In order to realize the purpose, the technical scheme adopted by the invention is as follows:

a full-on-chip dynamic reconfigurable super-resolution device comprises a preprocessing circuit, an arithmetic operation circuit, an interpolation circuit and a post-processing circuit;

wherein the pre-processing circuit comprises a weight buffer, an input buffer and an input image color space conversion circuit; the weight buffer is used for buffering weight data of the super-resolution network, the input buffer is used for buffering input image data, the input image color space conversion circuit reads the input image data in the input buffer and converts the input image data from an RGB format into a YCbCr format, Y channel data obtained after conversion are input into the data redistribution circuit, and Cb and Cr channel data are input into the nearest neighbor interpolation circuit;

the arithmetic operation circuit comprises a data redistribution circuit, a convolution calculation block, a shared addition tree circuit and an interlayer buffer; the data redistribution circuit reads the weight data in the weight buffer and the Y-channel data output by the input image color space conversion circuit, and redistributes the weight data and the Y-channel data according to a designated mapping strategy according to a scaling factor to obtain redistributed data; the convolution calculation block receives the redistributed data and performs convolution operation on the redistributed data to obtain a convolution operation result; the shared addition tree circuit receives convolution operation results and accumulates the convolution operation results to obtain output characteristic diagram data of a current layer in the super-resolution network; the interlayer buffer receives and stores output characteristic diagram data of a current layer, when the maximum number of layers of the super-resolution network is not reached, the output characteristic diagram data is used as an input characteristic diagram of a next layer of network and is input into the data redistribution circuit, and when the maximum number of layers of the super-resolution network is reached, the output characteristic diagram data is input into the output shaping circuit;

the interpolation circuit comprises a nearest neighbor interpolation circuit and a temporary buffer; the nearest neighbor interpolation circuit interpolates the received Cb and Cr channel data based on a nearest neighbor interpolation strategy to obtain an interpolated characteristic diagram; the temporary buffer receives and buffers the characteristic graph after interpolation;

the post-processing circuit comprises an output shaping circuit and an output image color space conversion circuit; the output shaping circuit reads the output characteristic diagram data of the interlayer buffer and rearranges the output characteristic diagram data to obtain the sequential output of Y-channel data; the output image color space conversion circuit reads the sequential output of the Y-channel data and the characteristic diagram after interpolation, and converts the sequential output of the Y-channel data and the characteristic diagram after interpolation into RGB format data for output.

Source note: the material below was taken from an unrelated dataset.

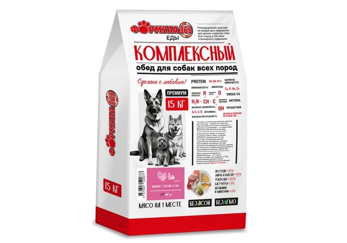 Формула 365 Комплексный обед Сухой корм для взрослых собак мини и средних пород Индейка кролик и рис 15 кг

Further, the input image data is a plurality of sub-images obtained by segmenting the original image.

Further, the weight data is obtained by segmenting the original image into a plurality of sub-images, and then training the segmented sub-images as a training data set.

Further, the mapping strategy comprises convolution compression, convolution decomposition and PE remapping processes, wherein the convolution compression compresses the weight data and the Y-channel data according to a scaling factor, and removes a 0 value in the Y-channel data and the weight data corresponding to the 0 value; the convolution decomposition decomposes the compressed data into convolutions of different lengths; PE remapping combines convolutions of different lengths into convolutions of fixed length and inputs them to a convolution computation block.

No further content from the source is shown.